Tuesday, January 6, 2015

Education? Mark Twain defined it as "the path from cocky ignorance to miserable uncertainty." Hence the title for this blog.


Having never blogged before, it's likely to take me a while to get the hang of it, so bear with me. This blog will be about education at all levels and so I feel obliged to provide some details of my own.

I attended St. Agnes elementary school in Rockville Center (on Long Island in NY) and Bishop Laughlin High School in Brooklyn. (Yes...Catholic schools, so bear with me even further.) From the middle of my sophomore year I 'til graduation I went to Oceanside High School and worked a year before going to college. The only one that would have me was SUNY Geneseo, where I got a Bachelors degree in English, then went to Syracuse University for my Masters in English, and finally to the University of Texas in Austin where I got a Doctorate in higher education--specifically in their Community College Education program.


I taught one year of Seventh Grade in Letchworth NY and one year of Eleventh Grade in Cortland, NY.  I taught for a year and then was named Department Chair of Humanities at John Tyler Community College in Chester Virginia. After I got my Ph.D. I was named Dean of Instruction at Austin Community College in Texas.
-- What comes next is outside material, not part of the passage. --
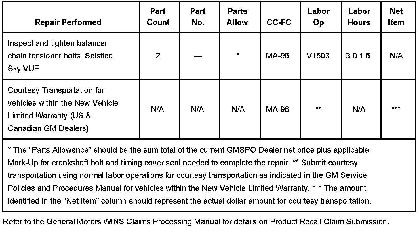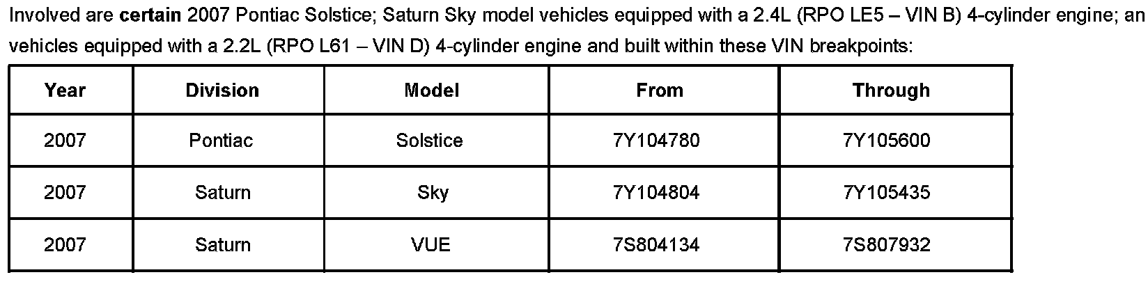 Certain 2007 Pontiac Solstice; Saturn Sky model vehicles, equipped with a 2.4L (RPO LE5 - VIN B) 4-cylinder engine; and Saturn Vue model vehicles, equipped with a 2.2L (RPO L61 - VIN D) 4-cylinder engine, may have a condition in which the upper bolt of the two bolts retaining the engine balancer chain tensioner was not torqued to specification. If the bolt falls out or the tensioner loosens sufficiently, damage to the balancer or camshaft drive systems, or engine could occur.

I produced the first academic online program in English while I was there and went on to teach college online for a number of schools--some for profit and some not. And I still do that for Southern New Hampshire University.

But enough about me. :-)

"You can always teach," my mother said when she encouraged me to go to college, and so I have always taught. That's probably close to forty years worth. And I've seen a lot of 'movements' come and go during that time with the only result that education in the U.S has been declining. Why? I feel like I have only gotten better at it. So why is it that:
  • The United States ranks fourteenth out of forty countries in the area of cognitive skills and educational attainment
  • We're 23rd in science, 30th in math, and 36th overall.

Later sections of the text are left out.